A Newfoundland breakfast is filling when prepared in the local style complete with anything from Eggs Benedict to waffles. However, be sure to request a traditional Newfoundland, hot supper during your stay. Your palate will be treated to the unique tastes of salt meat, peas pudding, many vegetables, something called ‘fluffy duff’ and steamed pudding for dessert … .and, it is all cooked together in the same pot!
For mostly geological and geographical reasons, Newfoundland is often referred to as the Edge of the Earth. After a visit to this unique location, however, it is said that you might never find another place that makes you feel both lost and found at the same time. 
The people are hardy, warm and unforgettable, the sounds, smells and natural beauty of this land attacks your senses from every direction, and like so many who have come to Newfoundland before me, I will always have a special place in my heart for this gorgeous island that sits out on the edge of the Earth!

March 2018 column

The beautiful winter solitude of Nova Scotia

Thousands of expressively-written articles have appeared throughout the globe of the tiny villages and vistas along Nova Scotia’s “Lighthouse Trail” and “Evangeline Trail” during summer, but little has been said about winter in this gorgeous setting. For any lover of photography, solitude, wonderful lodging opportunities or palate-pleasing food and drink, wintertime in Nova Scotia is the best!

Even in winter, these trails follow a path through a breathtaking landscape of coastal beauty and historic charm that has captured the hearts and minds of travelers for generations. One can traverse a snow and ice covered shoreline that passes rugged coves, bays and islands that have been sculpted by the winds and waves for centuries. All along these incredible vistas, sojourners can pause in historic towns and weathered fishing villages that lie quietly waiting for the coming spring.

Much of the Lighthouse Trail follows a route where time seems to have stood still. Along this path, many of the trail’s namesake lighthouses can be seen and photographed in a winter setting that few have experienced.
Trips to Nova Scotia normally begin with a flight into the Halifax International Airport, which is northeast of the city. The most direct route from the airport to the Lighthouse Trail or the Evangeline Trail is via Highway 101 going northwest out of Halifax. Though numerous side trips could be taken, I would suggest the first stop be in the quaint little town of Wolfville, which is a picture perfect valley town. This was the site of the Acadian Deportation and the setting for Longfellow’s famous poem, “Evangeline.”

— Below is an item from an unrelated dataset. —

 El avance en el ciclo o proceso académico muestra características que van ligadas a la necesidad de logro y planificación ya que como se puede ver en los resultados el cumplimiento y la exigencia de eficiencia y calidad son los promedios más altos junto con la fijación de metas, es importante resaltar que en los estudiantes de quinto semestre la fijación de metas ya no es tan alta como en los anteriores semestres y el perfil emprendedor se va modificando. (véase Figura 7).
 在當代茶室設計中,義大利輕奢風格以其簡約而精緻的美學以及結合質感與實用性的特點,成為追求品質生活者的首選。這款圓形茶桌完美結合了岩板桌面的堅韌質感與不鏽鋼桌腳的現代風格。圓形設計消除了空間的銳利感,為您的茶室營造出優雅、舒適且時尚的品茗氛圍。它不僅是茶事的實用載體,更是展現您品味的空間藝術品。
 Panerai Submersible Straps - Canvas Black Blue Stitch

Many of the exiled French found their way south to Louisiana, where “Acadian” was transformed into “Cajun.” Those who remained in Nova Scotia, or returned from exile, have a distinct link to and love for the Cajun culture and unique cuisine.
The Evangeline Trail parallels the Bay of Fundy coast, passing through many historical villages that were built by early European settlers. This sojourn along the picturesque Bay of Fundy covers more than 400 years of settlement through valleys, farms and fishing villages that shows a wealth of diverse landscape, European charm and rugged natural beauty. The Bay of Fundy alone is worth the experience with its phenomenal tides that sometimes vary over 50 feet from high to low.

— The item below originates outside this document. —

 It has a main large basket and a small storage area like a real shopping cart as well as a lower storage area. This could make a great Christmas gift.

Even in winter, one of the most picturesque villages along the Evangeline Trail is Annapolis Royal, which is a beautiful community nestled in the Annapolis Valley, and originally inhabited by a native Mikmaq community. In 1605, however, the area became home to some of North America’s earliest European settlers. 
Annapolis Royal offers a waterfront shopping area, some great restaurants, a downtown area that has been designated a National Historic District and a great selection of lodging within walking distance of the downtown area with all of the eateries and an exciting arts and theatre community.
Before departing the Fundy coast, take a short drive south to Bear River and Digby. Both of these little towns are rich in history, but Digby is more famous for its tasty scallops, while Bear River is known for its arts and crafts.
From Bear River, it’s time to climb into the hills and visit Kejimkujik, which is the only inland national park in the Maritimes. It features abundant frozen lakes and rivers that are ideal for snow shoeing or cross-country skiing. The woodlands and gently rolling landscapes of the park have many beautiful trails.

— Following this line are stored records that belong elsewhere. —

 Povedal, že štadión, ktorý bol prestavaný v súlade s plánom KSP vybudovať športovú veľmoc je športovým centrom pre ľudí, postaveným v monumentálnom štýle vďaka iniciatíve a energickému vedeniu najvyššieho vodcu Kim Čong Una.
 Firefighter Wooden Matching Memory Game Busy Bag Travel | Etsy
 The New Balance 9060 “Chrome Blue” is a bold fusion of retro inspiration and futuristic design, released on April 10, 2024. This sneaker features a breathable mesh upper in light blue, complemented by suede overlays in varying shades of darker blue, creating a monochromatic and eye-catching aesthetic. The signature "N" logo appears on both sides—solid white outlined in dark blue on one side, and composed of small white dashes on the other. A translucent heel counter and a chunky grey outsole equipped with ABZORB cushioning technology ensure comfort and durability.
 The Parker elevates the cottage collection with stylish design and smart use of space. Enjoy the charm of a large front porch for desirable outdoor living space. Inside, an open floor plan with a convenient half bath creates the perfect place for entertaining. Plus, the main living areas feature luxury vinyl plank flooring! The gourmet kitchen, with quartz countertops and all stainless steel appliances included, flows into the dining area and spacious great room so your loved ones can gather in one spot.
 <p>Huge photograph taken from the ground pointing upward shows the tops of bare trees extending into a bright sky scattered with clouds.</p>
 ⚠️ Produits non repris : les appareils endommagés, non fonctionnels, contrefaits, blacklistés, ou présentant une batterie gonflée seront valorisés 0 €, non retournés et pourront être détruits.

From the high ground and wilderness of Kejimkujik, it is a beautiful drive down to Liverpool, which is known as the “Port of the Privateers.” One can wander through the galleries of famous local artists, visit the historic Astor Theatre or photograph an unspoiled Atlantic coastline dotted with six lighthouses. It is a destination with many interesting vistas.
As one turns north on the Lighthouse Trail toward Halifax, you will be thrilled by some of the best and most famous landscapes in Nova Scotia. During the summer months, the tourist traffic would be almost impossible to navigate, but throughout the winter, solitude is the norm.

Visitors can cross the LaHave River on a cable ferry and meander through the colorful buildings in the old town of Lunenburg, which is a UNSECO world heritage site. Lunenburg is the birthplace of the world famous schooner “Bluenose” and the newer, “Bluenose II” which remains an important tourist attraction in the town. Wooden boat building has always been an important business in Lunenburg, and the building of classic dories is still popular. Tourism, however, is now Lunenburg’s most important industry and many thousands visit the town each year. A number of restaurants, inns, hotels and shops exist to service the tourist trade including the Fisheries Museum of the Atlantic.
The original inhabitants of Lunenburg were primarily Germans from the southern Rhineland, and Swiss and French Protestants from Montbeliard. Many of these first families and their descendants still inhabit and influence the development of the town in modern times.

Slightly further to the north is the town of Mahone Bay that is known for great churches, gazebos and a gorgeous waterfront. This tidbit, however, prepares one for the first look across the water to the famous lighthouse at Peggy's Cove, which is part of a tiny, painted fishin village that was randomly erected around a perfect Atlantic inlet, and has become the most photographed place in North America during the summer months. Nevertheless, few have had the opportunity to capture its beauty during the magical winter period.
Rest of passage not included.